I'm genuinely on the point of tears now. The attic is mid-refurb, but the water is going through to the daughter's bedroom below, which is all new.

When the roof was installed 1950s, they didn't cross batten, so the tiles are basically held on quite loose, and because we've been hammering away and having to fit steel etc, they've started knocking loose.

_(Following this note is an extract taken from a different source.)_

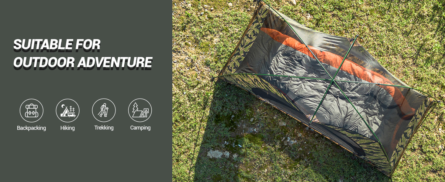1:Waterproof Ultralight 1P Tent: Weighs only 1.45kg/, Features 2000mm waterproof rating. Made of 20DN66 nylon with silicone coating, aluminum tent poles.

Try to get a roofer, good ******* luck. This is a problem I can only solve by throwing money at it.

I feel your pain

I live in a very oddball 1960's bungalow with a butterfly roof, the mid section is flat roofed in fibreglass.
It leaks.

The remaining pitched roof sections are concrete tiles which need replacing.
The roofer has been promissing to start for 9 months now.
 
I'm genuinely on the point of tears now. The attic is mid-refurb, but the water is going through to the daughter's bedroom below, which is all new.

When the roof was installed 1950s, they didn't cross batten, so the tiles are basically held on quite loose, and because we've been hammering away and having to fit steel etc, they've started knocking loose.

Try to get a roofer, good ******* luck. This is a problem I can only solve by throwing money at it.
That sounds pretty miserable. Can you not throw the world's supply of sealant (or equivalent) up there in the leaking area as a temp fix? Or might that knacker things later on?

Is it dripping through in specific spots, or seeping through over a wider area?